**INSTRUCTIONS TO FOLLOW:** Would you write out each line of the material below exactly, skipping every picture?

▼▼▼

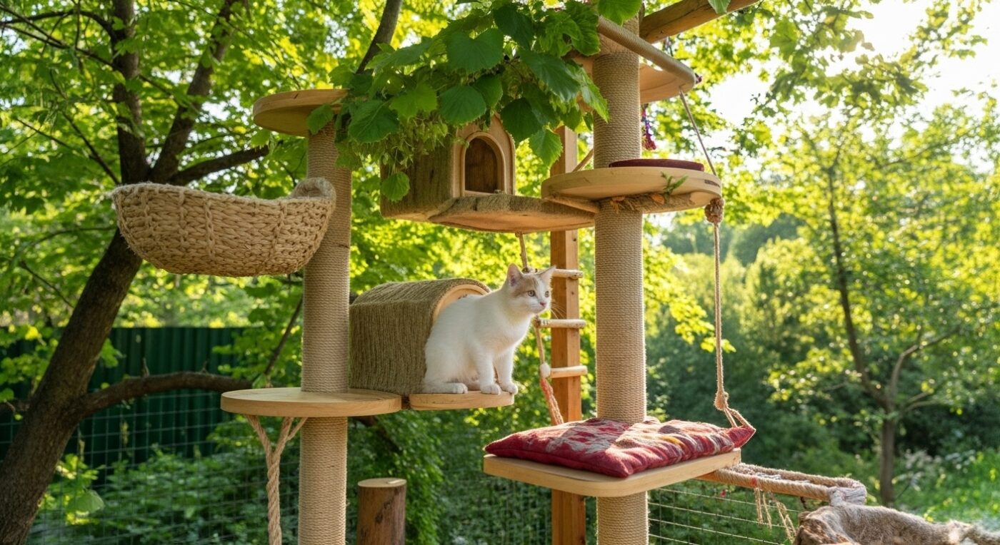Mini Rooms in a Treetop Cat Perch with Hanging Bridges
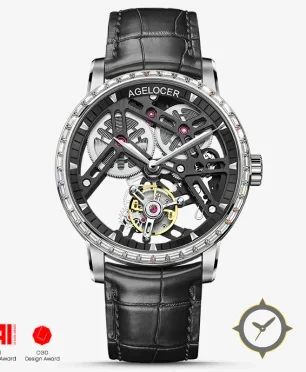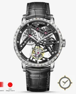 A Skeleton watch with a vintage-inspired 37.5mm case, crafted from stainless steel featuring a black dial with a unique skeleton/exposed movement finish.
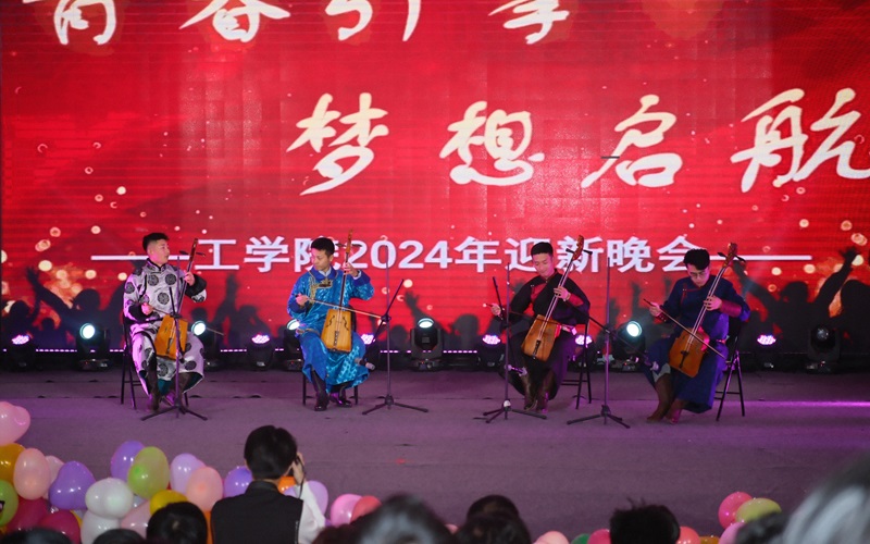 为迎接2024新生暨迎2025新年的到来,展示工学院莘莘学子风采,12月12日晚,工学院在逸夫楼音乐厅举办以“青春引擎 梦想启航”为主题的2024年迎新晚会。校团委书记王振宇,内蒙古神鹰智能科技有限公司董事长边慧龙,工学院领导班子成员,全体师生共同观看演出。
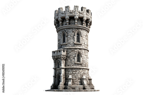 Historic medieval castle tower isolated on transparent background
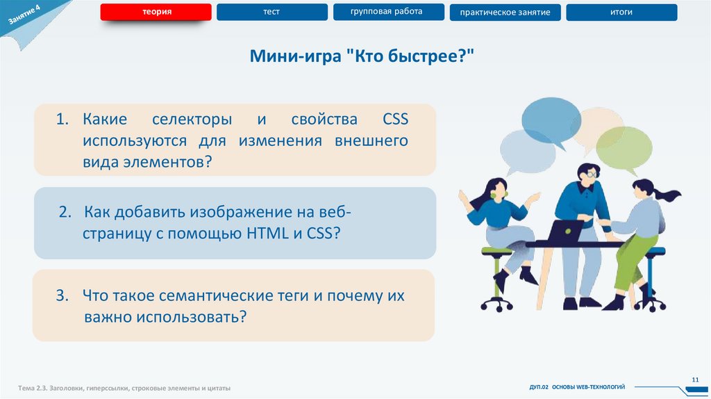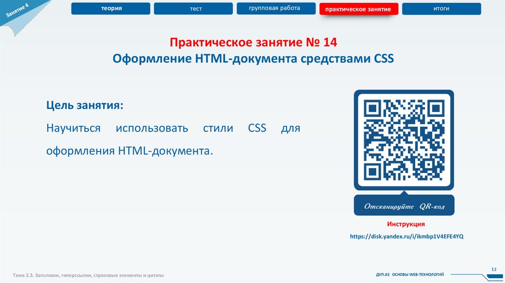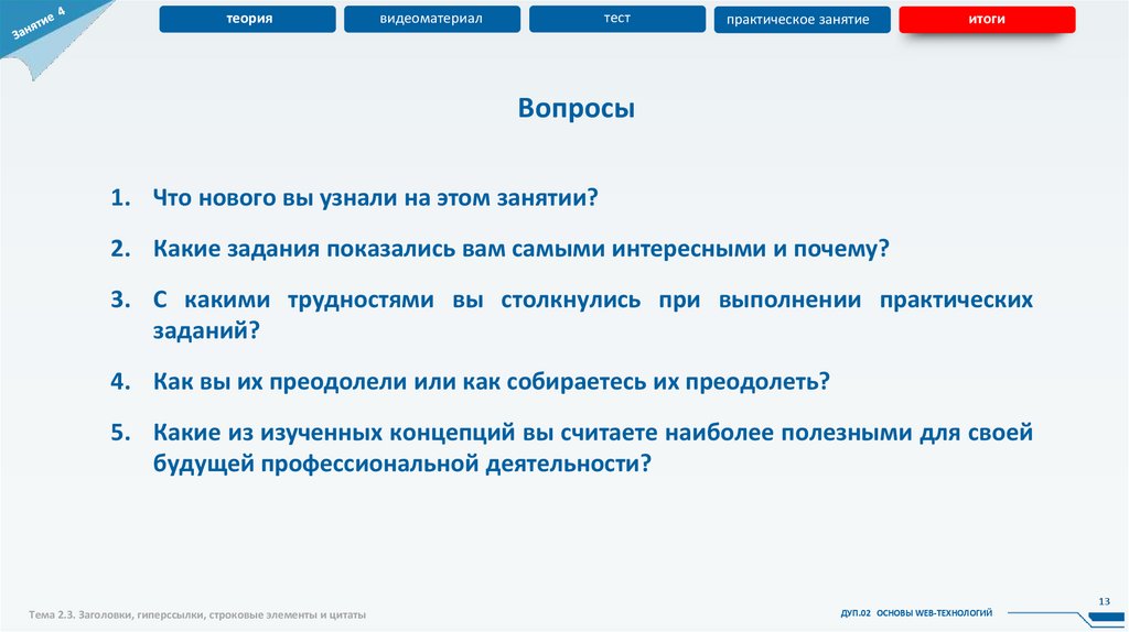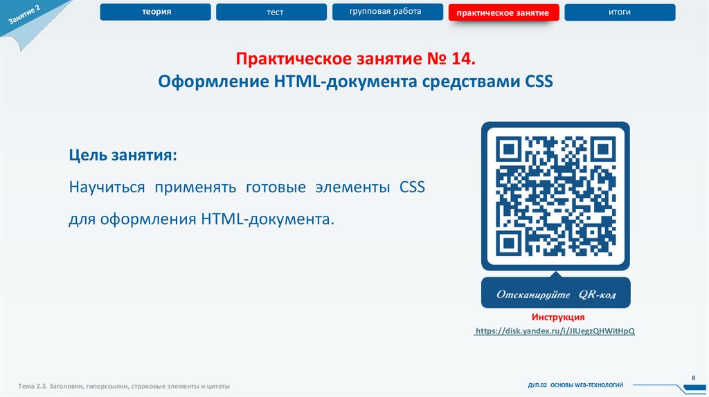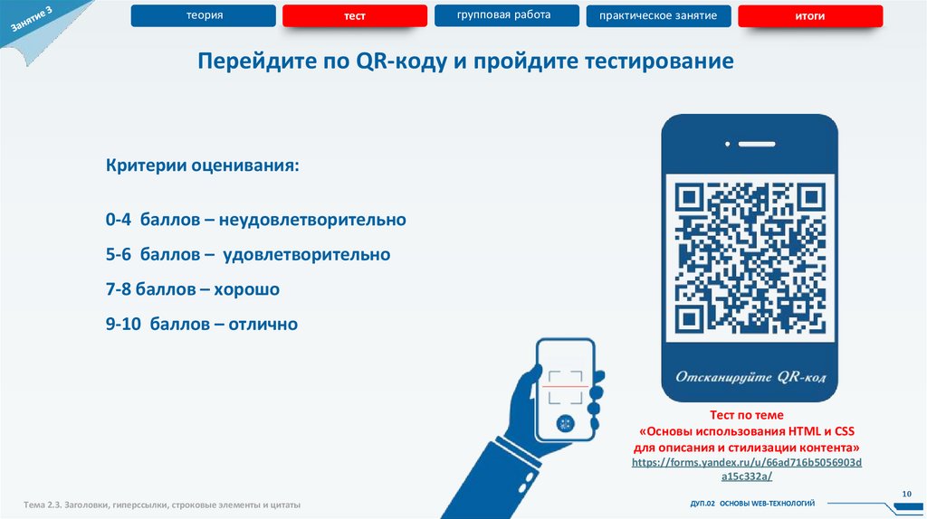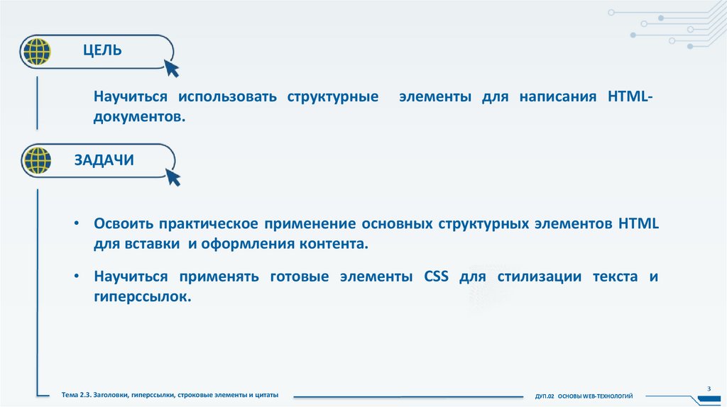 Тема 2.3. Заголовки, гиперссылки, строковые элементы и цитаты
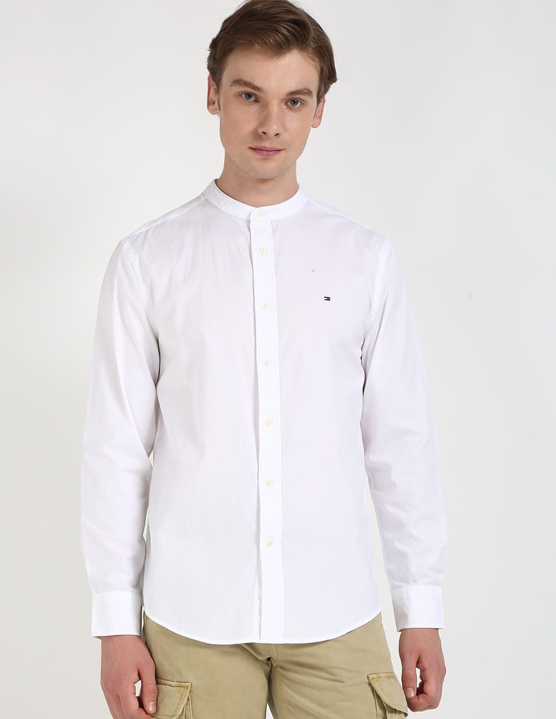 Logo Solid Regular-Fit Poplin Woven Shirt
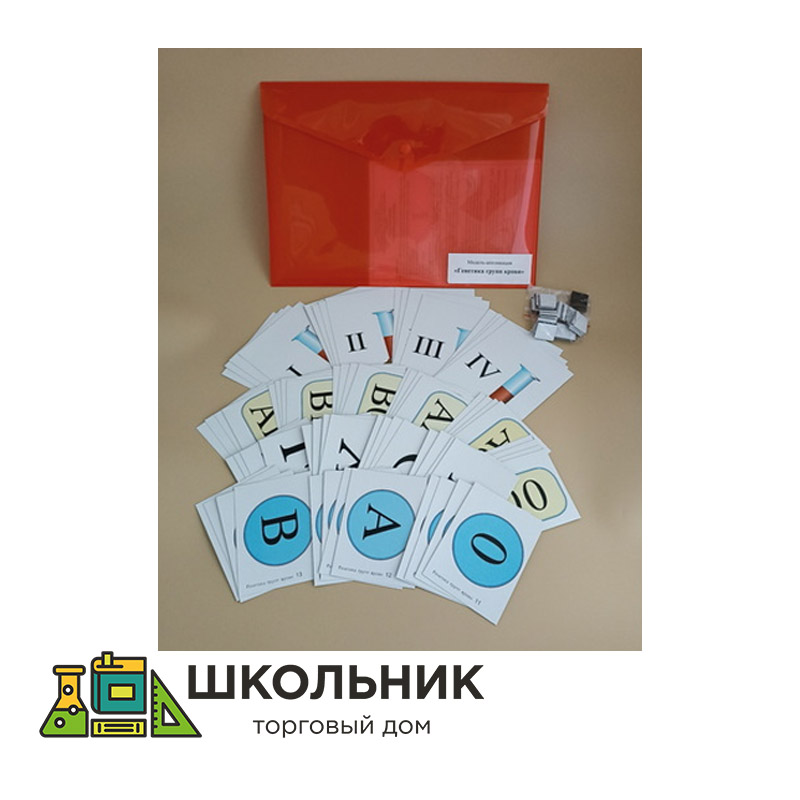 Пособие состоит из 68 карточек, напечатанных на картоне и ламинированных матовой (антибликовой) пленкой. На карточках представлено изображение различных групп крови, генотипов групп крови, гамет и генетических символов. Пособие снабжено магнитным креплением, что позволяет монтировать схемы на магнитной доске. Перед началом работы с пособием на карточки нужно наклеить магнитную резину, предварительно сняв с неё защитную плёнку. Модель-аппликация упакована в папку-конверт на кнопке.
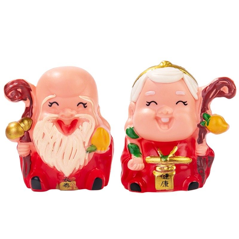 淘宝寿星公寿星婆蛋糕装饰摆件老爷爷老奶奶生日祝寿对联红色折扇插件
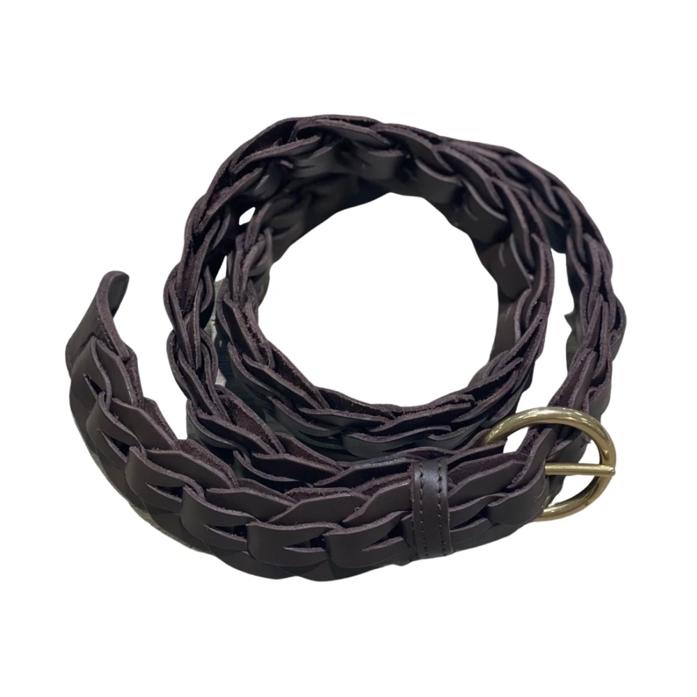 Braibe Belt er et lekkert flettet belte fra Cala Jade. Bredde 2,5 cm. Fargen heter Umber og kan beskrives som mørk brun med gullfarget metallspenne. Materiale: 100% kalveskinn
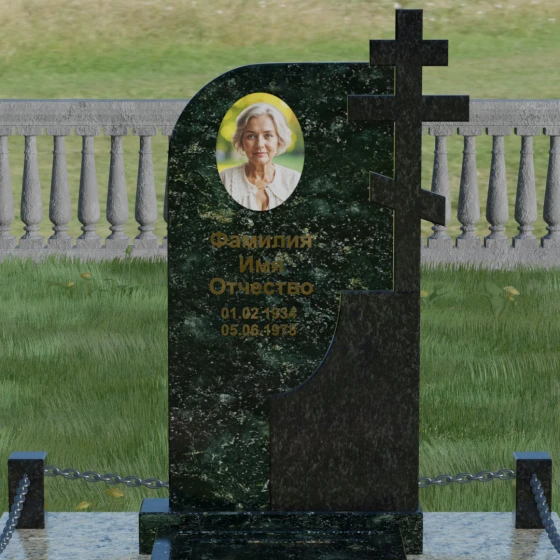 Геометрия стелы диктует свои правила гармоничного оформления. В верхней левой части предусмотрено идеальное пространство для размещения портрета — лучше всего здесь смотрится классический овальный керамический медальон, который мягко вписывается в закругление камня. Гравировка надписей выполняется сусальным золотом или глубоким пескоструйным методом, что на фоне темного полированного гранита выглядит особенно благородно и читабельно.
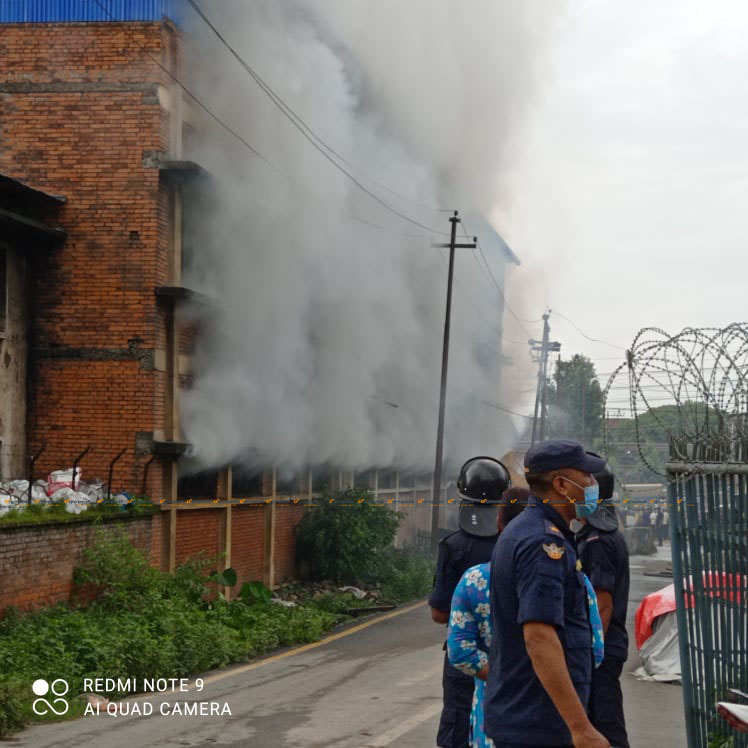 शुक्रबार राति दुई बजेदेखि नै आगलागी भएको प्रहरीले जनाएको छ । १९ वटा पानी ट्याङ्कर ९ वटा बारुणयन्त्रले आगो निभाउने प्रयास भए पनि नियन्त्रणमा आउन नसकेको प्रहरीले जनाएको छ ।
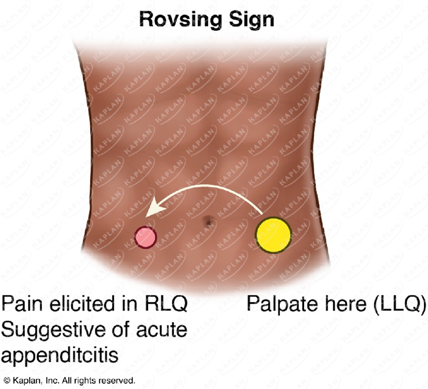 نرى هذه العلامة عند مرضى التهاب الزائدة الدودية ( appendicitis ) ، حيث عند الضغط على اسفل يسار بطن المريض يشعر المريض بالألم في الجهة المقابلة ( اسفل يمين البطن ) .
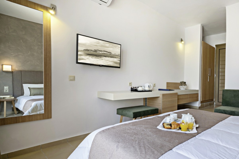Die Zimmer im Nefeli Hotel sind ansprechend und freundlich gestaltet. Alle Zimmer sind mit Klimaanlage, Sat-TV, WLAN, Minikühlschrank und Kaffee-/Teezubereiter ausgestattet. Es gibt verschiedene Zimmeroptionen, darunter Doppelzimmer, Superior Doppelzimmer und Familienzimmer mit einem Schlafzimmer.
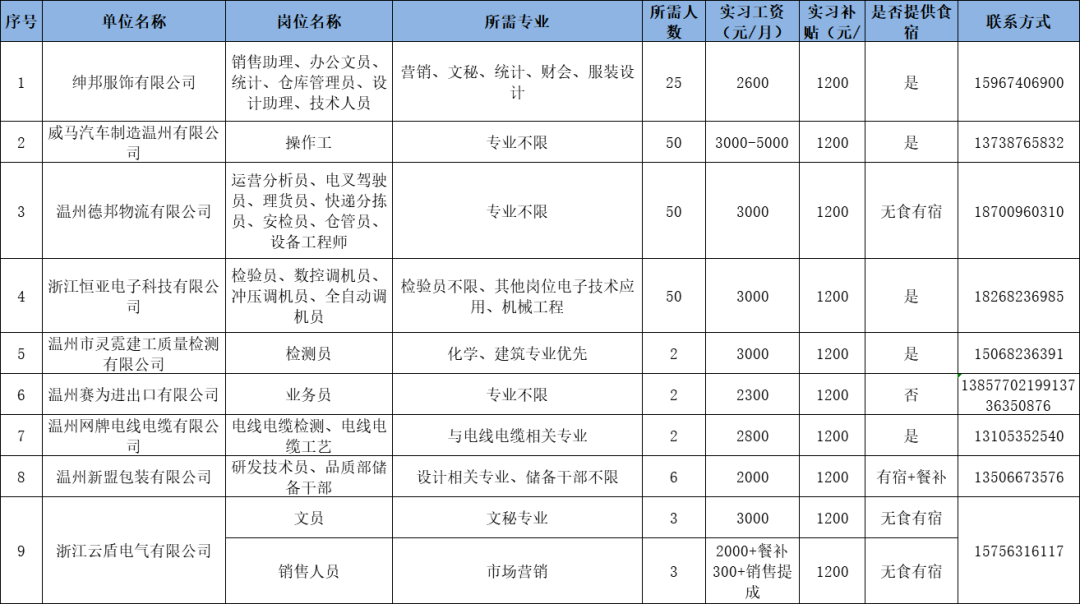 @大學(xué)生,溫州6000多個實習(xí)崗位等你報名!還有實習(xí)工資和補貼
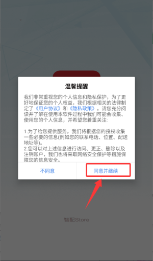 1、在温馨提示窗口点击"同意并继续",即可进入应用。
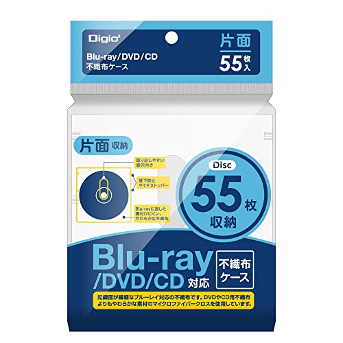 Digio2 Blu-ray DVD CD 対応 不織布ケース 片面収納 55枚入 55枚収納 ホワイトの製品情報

▲▲▲

**EXERCISE RESPONSE:**
Mini Rooms in a Treetop Cat Perch with Hanging Bridges
 A Skeleton watch with a vintage-inspired 37.5mm case, crafted from stainless steel featuring a black dial with a unique skeleton/exposed movement finish.
 为迎接2024新生暨迎2025新年的到来,展示工学院莘莘学子风采,12月12日晚,工学院在逸夫楼音乐厅举办以“青春引擎 梦想启航”为主题的2024年迎新晚会。校团委书记王振宇,内蒙古神鹰智能科技有限公司董事长边慧龙,工学院领导班子成员,全体师生共同观看演出。
 Historic medieval castle tower isolated on transparent background
 Тема 2.3. Заголовки, гиперссылки, строковые элементы и цитаты
 Logo Solid Regular-Fit Poplin Woven Shirt
 Пособие состоит из 68 карточек, напечатанных на картоне и ламинированных матовой (антибликовой) пленкой. На карточках представлено изображение различных групп крови, генотипов групп крови, гамет и генетических символов. Пособие снабжено магнитным креплением, что позволяет монтировать схемы на магнитной доске. Перед началом работы с пособием на карточки нужно наклеить магнитную резину, предварительно сняв с неё защитную плёнку. Модель-аппликация упакована в папку-конверт на кнопке.
 淘宝寿星公寿星婆蛋糕装饰摆件老爷爷老奶奶生日祝寿对联红色折扇插件
 Braibe Belt er et lekkert flettet belte fra Cala Jade. Bredde 2,5 cm. Fargen heter Umber og kan beskrives som mørk brun med gullfarget metallspenne. Materiale: 100% kalveskinn
 Геометрия стелы диктует свои правила гармоничного оформления. В верхней левой части предусмотрено идеальное пространство для размещения портрета — лучше всего здесь смотрится классический овальный керамический медальон, который мягко вписывается в закругление камня. Гравировка надписей выполняется сусальным золотом или глубоким пескоструйным методом, что на фоне темного полированного гранита выглядит особенно благородно и читабельно.
 शुक्रबार राति दुई बजेदेखि नै आगलागी भएको प्रहरीले जनाएको छ । १९ वटा पानी ट्याङ्कर ९ वटा बारुणयन्त्रले आगो निभाउने प्रयास भए पनि नियन्त्रणमा आउन नसकेको प्रहरीले जनाएको छ ।
 نرى هذه العلامة عند مرضى التهاب الزائدة الدودية ( appendicitis ) ، حيث عند الضغط على اسفل يسار بطن المريض يشعر المريض بالألم في الجهة المقابلة ( اسفل يمين البطن ) .
Die Zimmer im Nefeli Hotel sind ansprechend und freundlich gestaltet. Alle Zimmer sind mit Klimaanlage, Sat-TV, WLAN, Minikühlschrank und Kaffee-/Teezubereiter ausgestattet. Es gibt verschiedene Zimmeroptionen, darunter Doppelzimmer, Superior Doppelzimmer und Familienzimmer mit einem Schlafzimmer.
 @大學(xué)生,溫州6000多個實習(xí)崗位等你報名!還有實習(xí)工資和補貼
 1、在温馨提示窗口点击"同意并继续",即可进入应用。
 Digio2 Blu-ray DVD CD 対応 不織布ケース 片面収納 55枚入 55枚収納 ホワイトの製品情報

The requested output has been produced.